PROBLEM STATEMENT — Pictures must not appear in the copy. Restate exactly the lines below from the one with "Una cosa que" through the one with "SOMMERAUSBILDUNGSKURS DER STEIRISCHEN", inclusive.

GIVEN ENTRIES below:

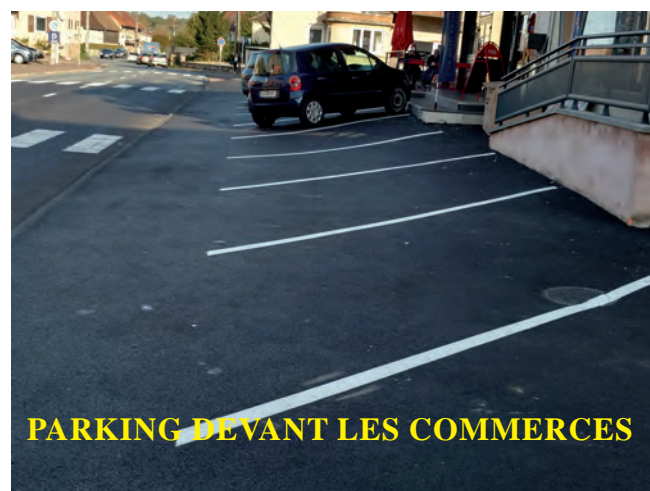
PARKING DEVANT LES COMMERCES
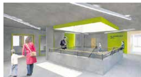
Das Foyer im Erdgeschoss.

Visualisierungen: beck + oser architekten eth sia gmbh
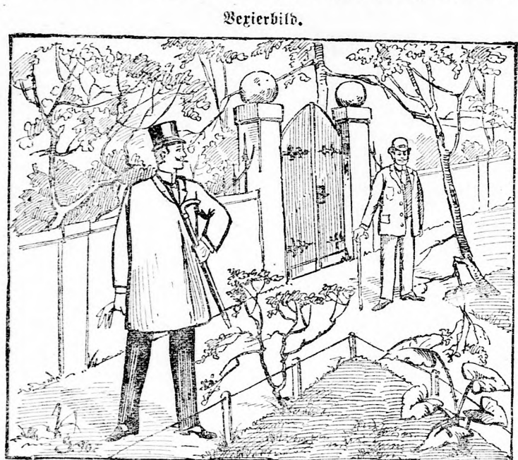
„Ach hätte mich so bedürft! Sollte der dort auch auf meine Ventranten? So mag sie nur sein!“
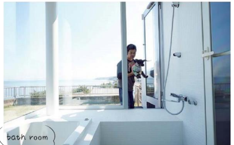
bath room ワンちゃんは庭から直接イン！シャンプー台があるので、お風呂タイムがとっても楽。タイルも滑りにくいものをセレクト。

動線やインテリア選びに犬の目線をプラスすることで、ワンちゃんと心通い合う時間を、もっとつくることができそうですね。
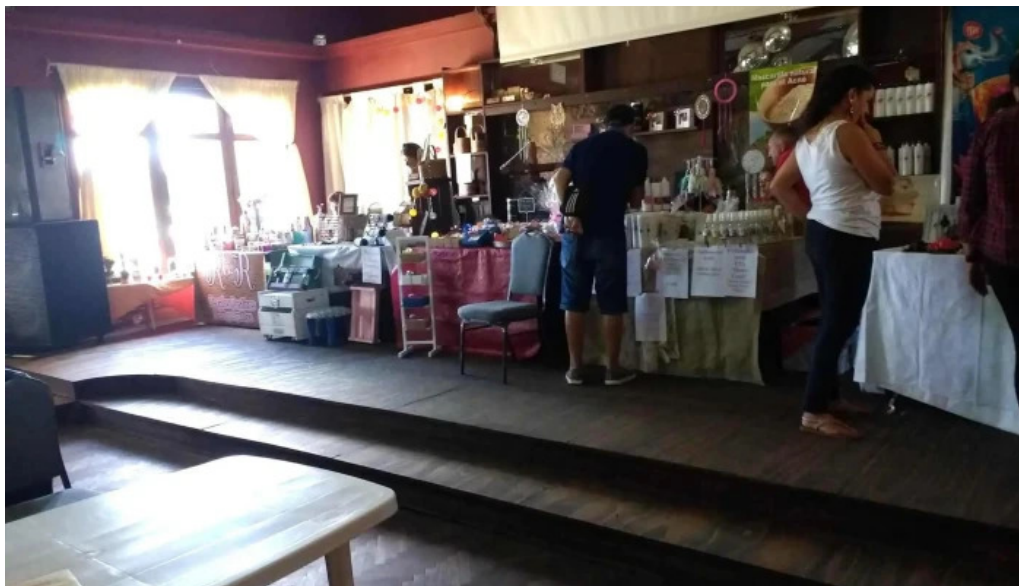
Piedra lisa ambiente
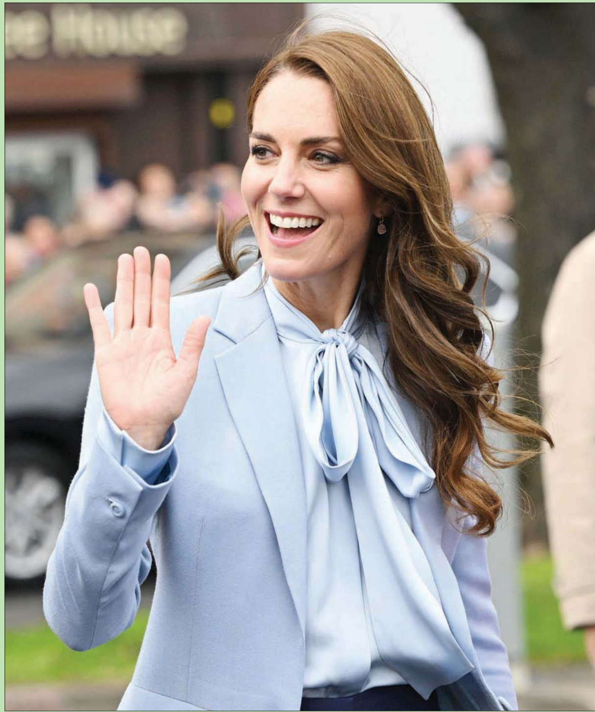
كيت أميرة ويلز لدى زيارتها آيرلندا الشمالية

هل ينتفع أهل العراق أو إيران أو لبنان أو اليمن من استفحال الاحتراب الأهلي بين الناس، وهل يغضب ذلك العظماء الفضلاء على والحسين؟
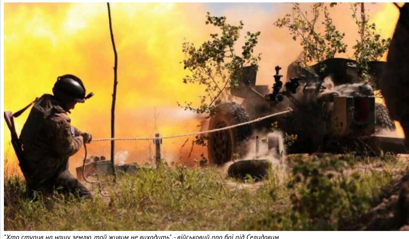
"Хто ступив на нашу землю, той живим не виходить", - військовий про бої під Селидовим

Російські військові наразі застосовують тактику малих груп і намагаються наблизитися до околиць Селидового.
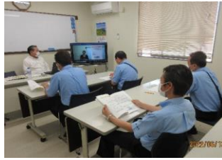
バス運転者の労働時間研修
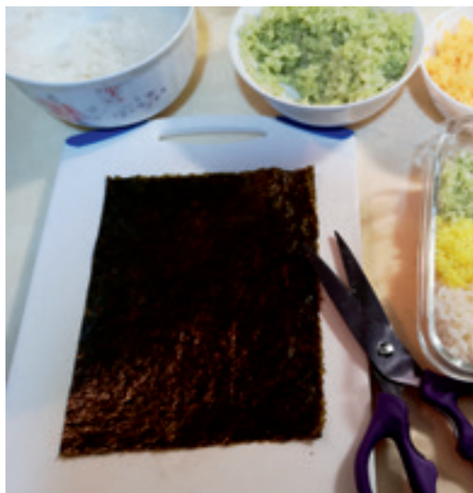
▲ 一片海苔、一把食物剪刀，便能點綴食物。
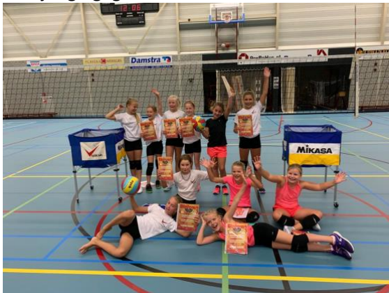
Dames 1 bedankt.
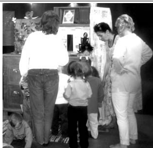
Efter föreställningen får barnen komma fram och titta närmare på den spännande byrån.
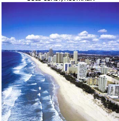
GOLD COAST, AUSTRALIA

Una cosa que poca gente no sabe es que Brisbane no tiene playa. Si vas a Brisbane podrás disfrutar de una playa artificial con palmeras y arena blanca en medio del corazón de la ciudad, aunque muy cerca de Brisbane se encuentran las mejores playas e islas de Australia, como la Gold Coast y Sunshine Coast.
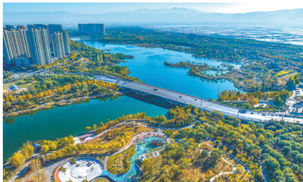
各地把绿色发展理念融入城乡规划建设管理之中,不断完善城市公园体系和绿道网络,高品质生态环境成为城市高质量发展的重要支撑。图为山西省运城市禹都公园,草木茂盛,景色怡人。
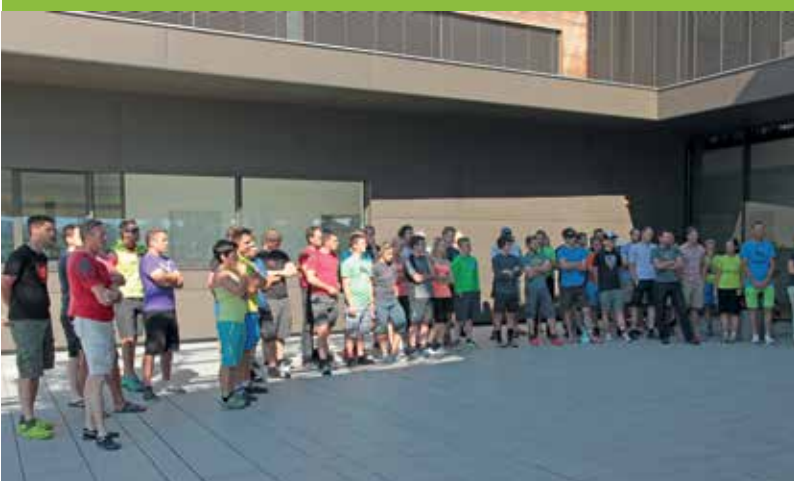
SOMMERAUSBILDUNGSKURS DER STEIRISCHEN BERGRETTUNG
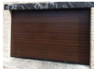
ACANALADA MADERA OSCURA

End of GIVEN ENTRIES.

RESPONSE BOX —
Una cosa que poca gente no sabe es que Brisbane no tiene playa. Si vas a Brisbane podrás disfrutar de una playa artificial con palmeras y arena blanca en medio del corazón de la ciudad, aunque muy cerca de Brisbane se encuentran las mejores playas e islas de Australia, como la Gold Coast y Sunshine Coast.
各地把绿色发展理念融入城乡规划建设管理之中,不断完善城市公园体系和绿道网络,高品质生态环境成为城市高质量发展的重要支撑。图为山西省运城市禹都公园,草木茂盛,景色怡人。
SOMMERAUSBILDUNGSKURS DER STEIRISCHEN BERGRETTUNG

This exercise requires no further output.